● Dataset excerpt:

============

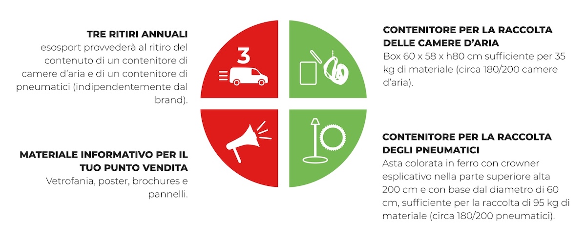 Un'iniziativa che muove dalla collaborazione con esosport, realtà nata nel 2009 e specializzata nel recupero e riciclo di materiali di scarto nel mondo dello sport. Grazie a questa sinergia il negoziante può godere gratuitamente del servizio di ritiro e smaltimento a norma di legge di copertoni e camere d'aria fuori uso.
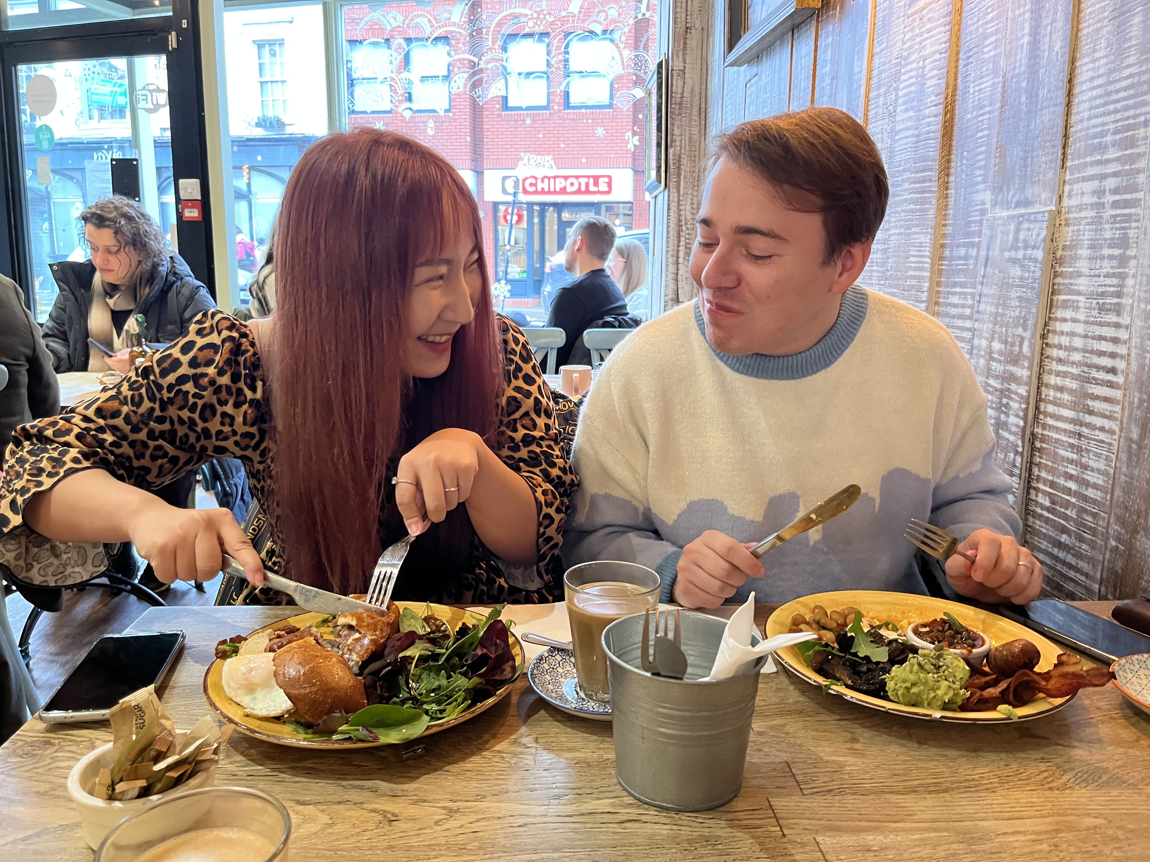 她来自哈尔滨,一头红色的长直发,穿着豹纹上衣。杰凯穿浅蓝和白的拼色毛衣,棕色短发,英国约克人。此刻,他温柔地看着恒艺用刀叉有些吃力地切着她面前的培根香肠鸡蛋汉堡。“恨不得用筷子吃!”她朝杰凯抱怨道。“这是美国的培根,英国的培根应该更大。”他指着盘子里的全英式早餐说。
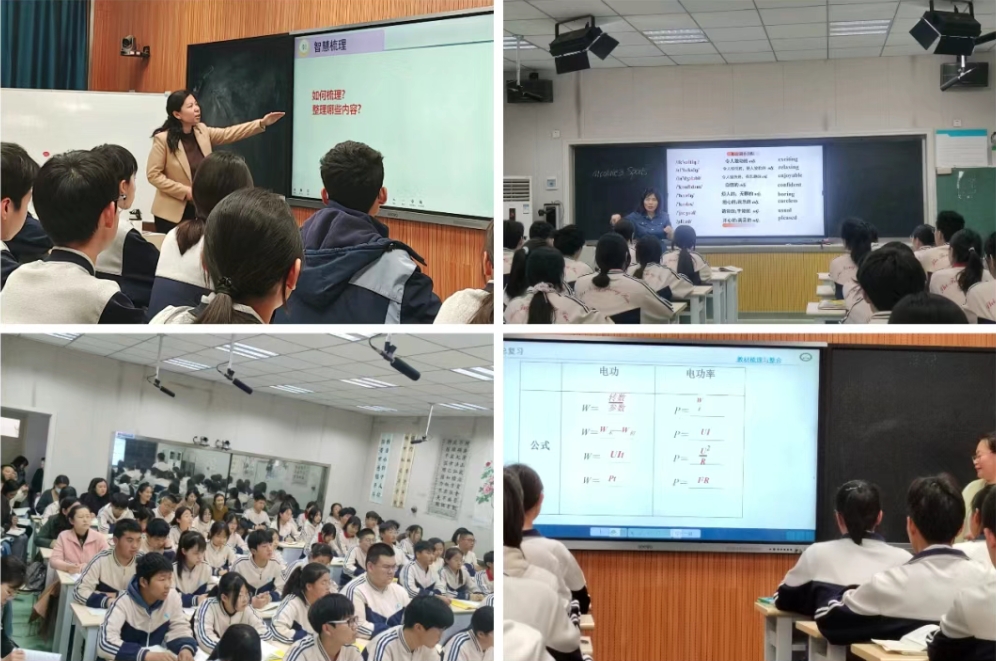 活动采取"课堂展示+深度评课"双轨模式,六位骨干教师培养对象呈现了特色鲜明的复习示范课。英语学科司景红、初秀梅两位教师分别执教八年级《Module 11 Way of life》《Module 3 Sports》单元复习课,通过基础梳理与语篇分析相结合的教学设计,创新运用多元评价机制,有效提升学生英语学科核心素养。物理学科杨立飞、韩英教师分别开展《7-9章重点实验复习》及《电功率复习》教学,以生活化情境导入,采用自主探究式学习策略,实现物理概念的具象化呈现与深度学习。地理学科郭曰峰老师以《日本》区域地理为课例,通过情境创设和递进式问题链设计,培养学生区域认知与综合思维能力。
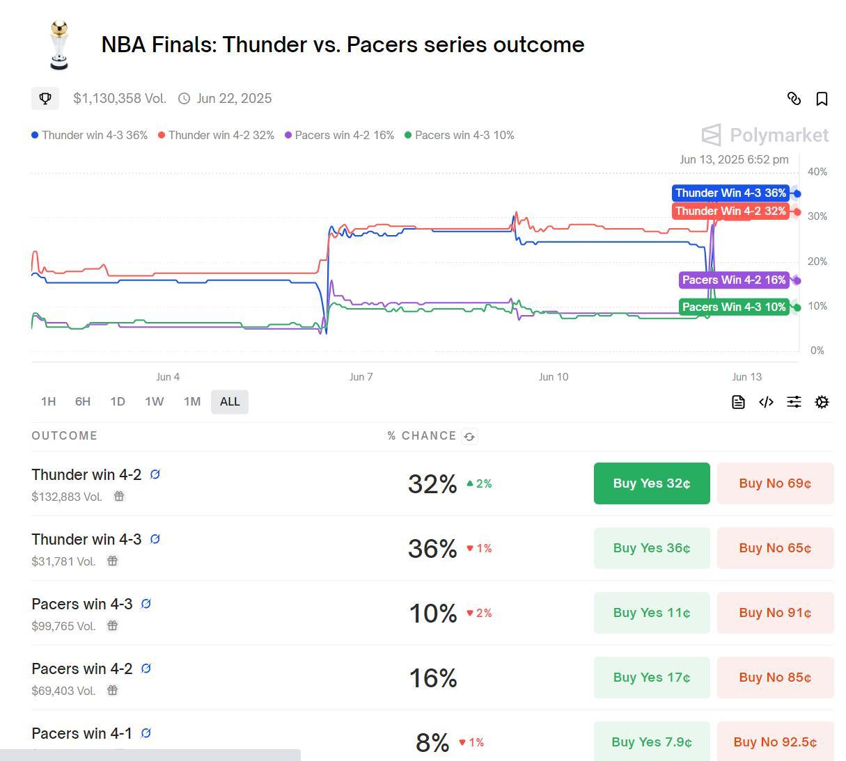 美媒Polymarket認爲雷霆奪冠概率還有68%,步行者只有32%。大家覺得呢?

============

Reproduce verbatim the lines of the material above, beginning with its first line and ending with the line that contains "她来自哈尔滨,一头红色的长直"; skip pictures.

 Un'iniziativa che muove dalla collaborazione con esosport, realtà nata nel 2009 e specializzata nel recupero e riciclo di materiali di scarto nel mondo dello sport. Grazie a questa sinergia il negoziante può godere gratuitamente del servizio di ritiro e smaltimento a norma di legge di copertoni e camere d'aria fuori uso.
 她来自哈尔滨,一头红色的长直发,穿着豹纹上衣。杰凯穿浅蓝和白的拼色毛衣,棕色短发,英国约克人。此刻,他温柔地看着恒艺用刀叉有些吃力地切着她面前的培根香肠鸡蛋汉堡。“恨不得用筷子吃!”她朝杰凯抱怨道。“这是美国的培根,英国的培根应该更大。”他指着盘子里的全英式早餐说。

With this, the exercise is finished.